Crisis Gate
First check in every turn. Every message passes through it before memory loads, before routing, before response generation. Wired as an SDK input guardrail on the Runner, so the runtime cannot reach response generation without it.
The classifier is LLM-only: a structured-output call decides the level for every message, then local normalization enforces the level-to-route truth table. Provider failures surface as errors with retry handling instead of silently degrading to regex.
Walkthrough
Pick a sample input. Watch the LLM verdict normalize into the state delta on the right, and where the turn ends up routing.
Structured output: level=3, confidence=high, reason="plan, means, and timing are present".
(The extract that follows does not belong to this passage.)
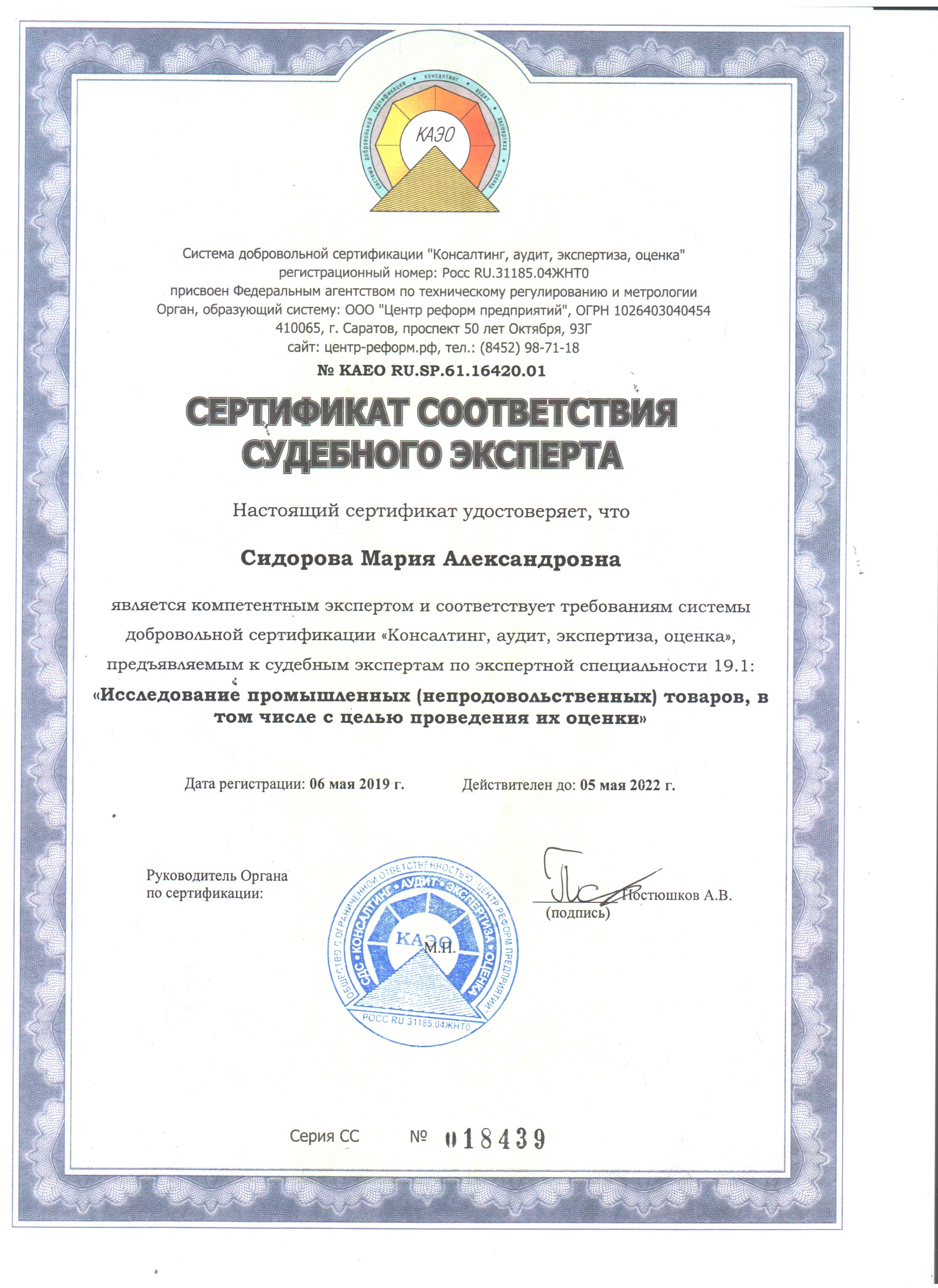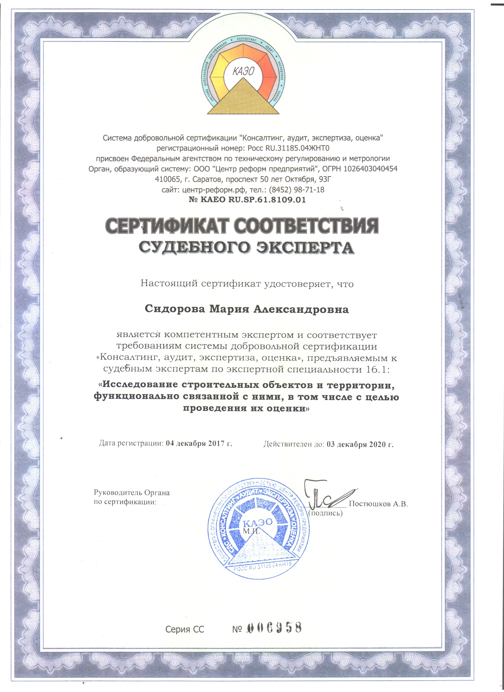 ИП Сидоровой Мария Александровна, судебный эксперт, Диплом высшего юридического образования «Современная гуманитарная академия" ВБА №0369477 от 11.02.2008 г., стаж 11 лет., Диплом о профессиональной переподготовке по программе «Оценка стоимости предприятия (бизнеса)» № 0333, выдан 1.06.2012 года; стаж 7 лет., Диплом № 772402307222 НОУ ВПО Московский финансово-промышленный университет «Синергия»...

Truth table: level=3 → needs_crisis_response=true, needs_clarification=false.
crisis.level…0 safe · 1 ambiguous · 2 clear self-harm · 3 imminentroute…needs_crisis_response decides thisresponse_style…safety_check stamped on entry to the crisis branchcrisis_audit.crisis_classifier_path…written for every completed crisis-gate turncrisis_audit.crisis_override_kind…always none in the LLM-only gatecrisis_audit.crisis_llm_failure_occurred…failed LLM calls retry or surface instead of writing fallback stateDecision steps
| Step | When it runs | What it does |
|---|---|---|
| 1. LLM classifier | Every message | Structured output: level, confidence, reason. Sees recent history, handles negation, sarcasm, quoted speech, idioms, and safety-denial context. |
| 2. Truth-table normalization | Always after a classifier result | Forces needs_crisis_response = level ≥ 2 and needs_clarification = level == 1, regardless of what the classifier returned. Prevents miscalibrated flags from wrong-routing. |
Routing
| Final level | Route | Pipeline |
|---|---|---|
| 0 / 1 | therapeutic | triage → load_memory → selected specialist (usually TherapeuticAgent) |
| 2 / 3 | crisis | run_crisis_turn: resource lookup → CrisisAgent reply → audit log write |
Level 1 stays therapeutic. needs_clarification=true is set in
state but doesn't trigger the crisis branch. The triage agent
returns the route, and the TherapeuticAgent layers the
safety_check.md overlay on top of the active style (usually
clarifying) to force one safety probe before ordinary support.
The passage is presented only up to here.